◆ Exercise aim
Please restate every line below exactly, without any pictures.

◆ Recorded data
:::

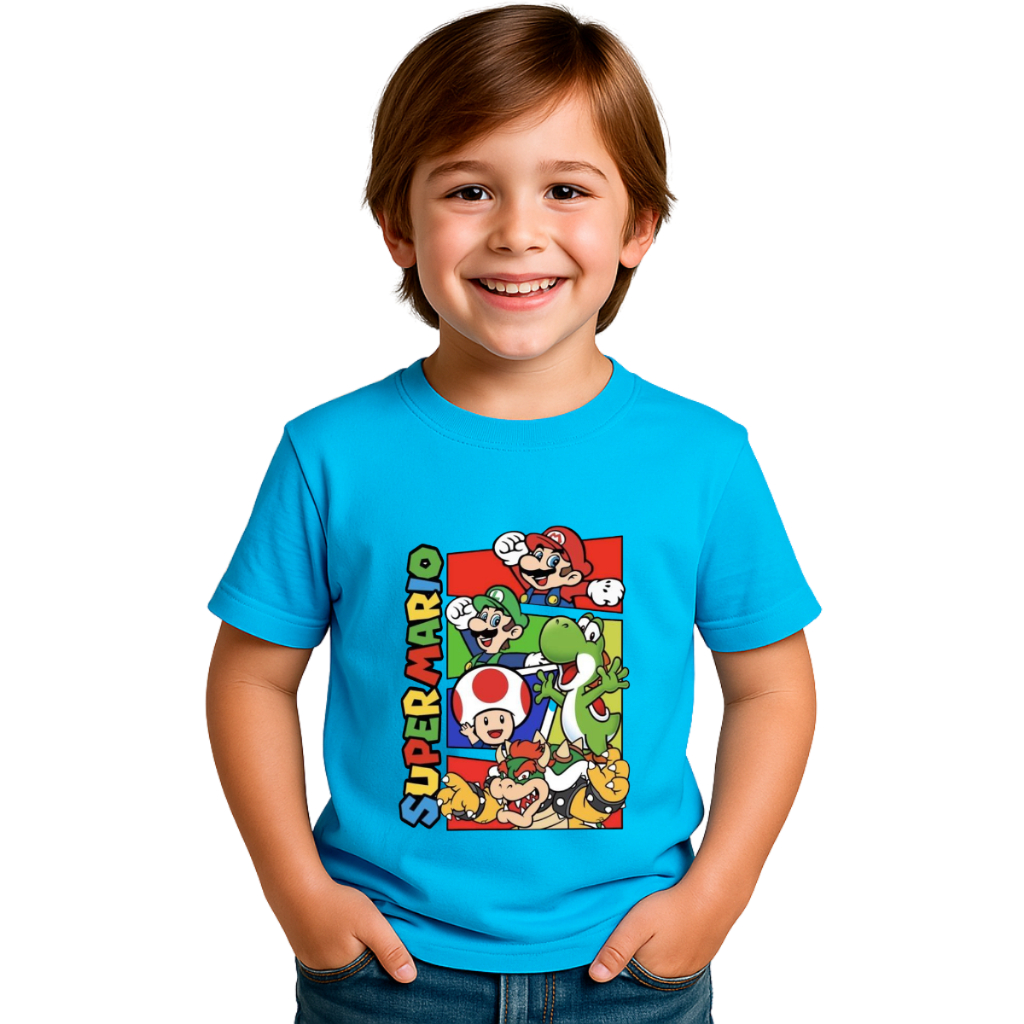 Camiseta Infantil Super Mario 100% Algodão Premium | Mario, Luigi, Yoshi e Toad | Tamanhos 2 a 16
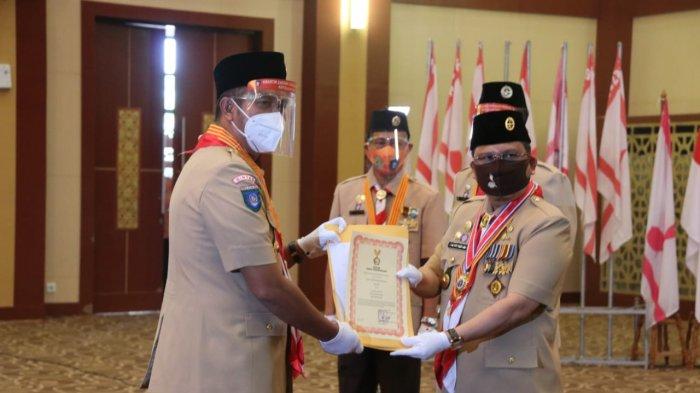TRIBUNBINTAN.com, BINTAN - Bupati Bintan, Apri Sujadi dan Wakil Bupati Bintan Dalmasri Syam menerima tanda penghargaan Lencana Melati dari Ketua Kwartir Nasional (Kwarnas) Komjen Pol. (Purn) Budi Waseso yang disematkan langsung oleh Sekda Provinsi Kepri TS Arief Fadilah di Dompak, Selasa (25/8/2020).
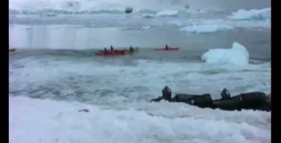 巨大な波はカヤックや南極のペンギンを一掃します。, 氷山の一部が崩壊し、海に落ちるとき. 命がけで走るペンギンたちのすべては金だ…
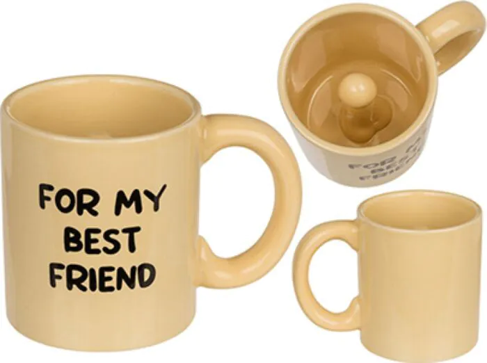 Das ist ein klassischer Keramikbecher, der als Gag-Artikel konzipiert ist: außen mit dem Schriftzug "For my best friend", innen versteckt er einen Penis — genau das Feature, das den Becher zu einem Gesprächsstoff macht. Wenn du etwas Lustiges für einen Freund oder eine Party suchst, ist das die Art Geschenk, das überrascht und lacht auslöst. Wenn du hingegen etwas dezentes oder formelles suchst, ist dieses Stück nicht das Richtige.

:::

◆ Written answer
 Camiseta Infantil Super Mario 100% Algodão Premium | Mario, Luigi, Yoshi e Toad | Tamanhos 2 a 16
TRIBUNBINTAN.com, BINTAN - Bupati Bintan, Apri Sujadi dan Wakil Bupati Bintan Dalmasri Syam menerima tanda penghargaan Lencana Melati dari Ketua Kwartir Nasional (Kwarnas) Komjen Pol. (Purn) Budi Waseso yang disematkan langsung oleh Sekda Provinsi Kepri TS Arief Fadilah di Dompak, Selasa (25/8/2020).
 巨大な波はカヤックや南極のペンギンを一掃します。, 氷山の一部が崩壊し、海に落ちるとき. 命がけで走るペンギンたちのすべては金だ…
 Das ist ein klassischer Keramikbecher, der als Gag-Artikel konzipiert ist: außen mit dem Schriftzug "For my best friend", innen versteckt er einen Penis — genau das Feature, das den Becher zu einem Gesprächsstoff macht. Wenn du etwas Lustiges für einen Freund oder eine Party suchst, ist das die Art Geschenk, das überrascht und lacht auslöst. Wenn du hingegen etwas dezentes oder formelles suchst, ist dieses Stück nicht das Richtige.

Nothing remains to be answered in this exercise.